Parting, alas, is not sweet, and it's not sorrow. Bella looks more like someone with mono who is occasionally Tasered. Sapped of all energy, she spends three months staring out the window, and wakes up screaming at night.

She's lured out of her funk by Jake, the other guy who's madly in love with her, and who's a werewolf, which in "New Moon" means you are sometimes a wolf and sometimes an Abercrombie and Fitch model who wears only cargo shorts (new moon, indeed).

"New Moon," for at least an hour, is laughably silly and unfathomably dull. I sympathize with Weitz, who is handed a story with almost nothing in the way of action. He doesn't help things, though, with a "soundtrack" cobbled together from a playlist of listless indie rock that feels like an epidural for the soul.

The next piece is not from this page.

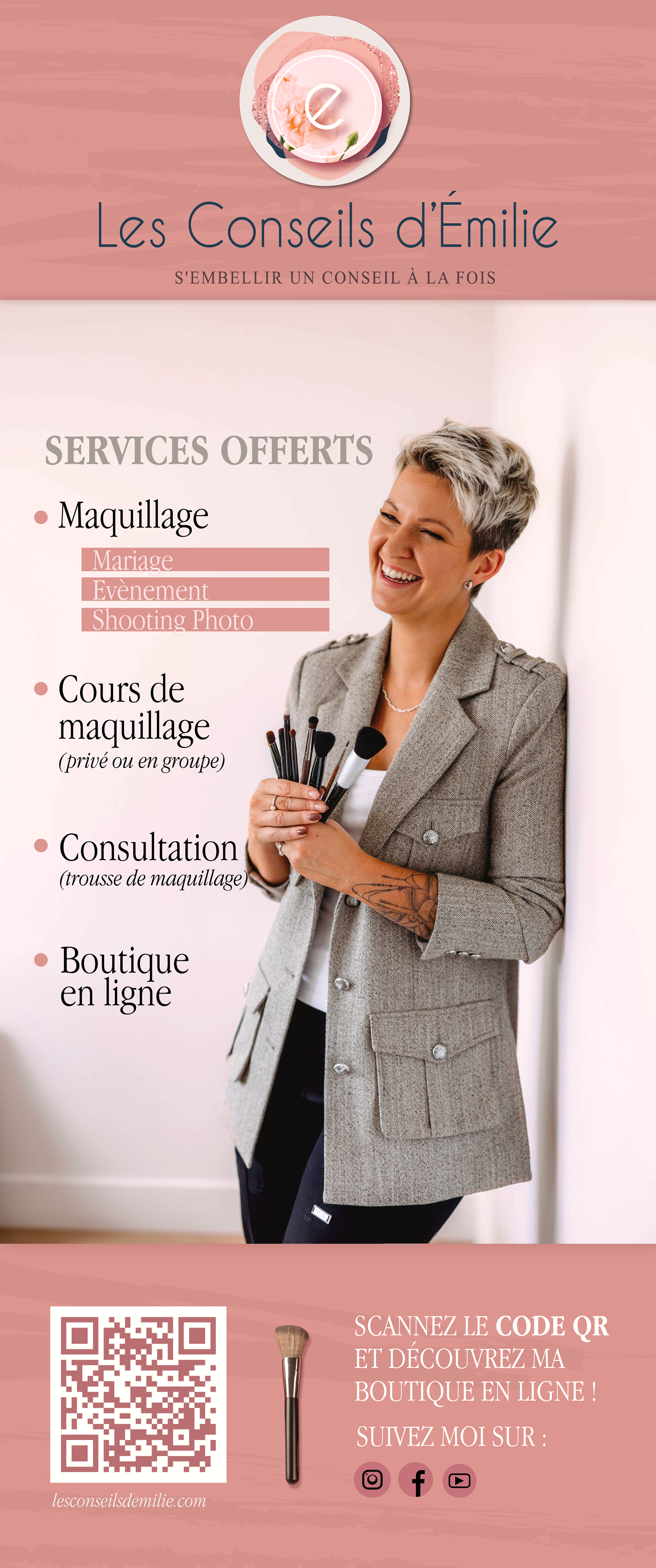 ENGLISH : Émilie, owner of Les Conseils d’Émilie, entrusted me with revisiting her brand identity to bring in more warmth, inspired by the unique bond she shares with her husband’s grandmother, who is from Spanish culture. I redesigned her logo and oversaw the redecoration of her professional space to reflect this refreshed identity.To view the final result, click here to access the interior design portfolio.

And I'm not just saying that 'cause I'm a dude who doesn't understand the female teen's infinite emotional capacity. The young lady in front of me spent at least an hour texting, bathed in the blue glow of her Blackberry. (For her, the parting of Bella and Edward was Tweet sorrow.)

It's not until the two-hour mark that "New Moon" displays a pulse - right about the time it suddenly jumps to Italy, where Bella and Edward take their problems to a vampire UN, headed by Michael Sheen, who looks like the only person in this production who's having any real fun.

This could bode well for future "Twilight" if Weitz takes his cue from the Potter movies and surrounds his teen mopers with grandstanding British actors.

He also needs to can the iPod playlist, and start piping in some Rachmaninoff. Florid romance is not something contemporary pop does very well.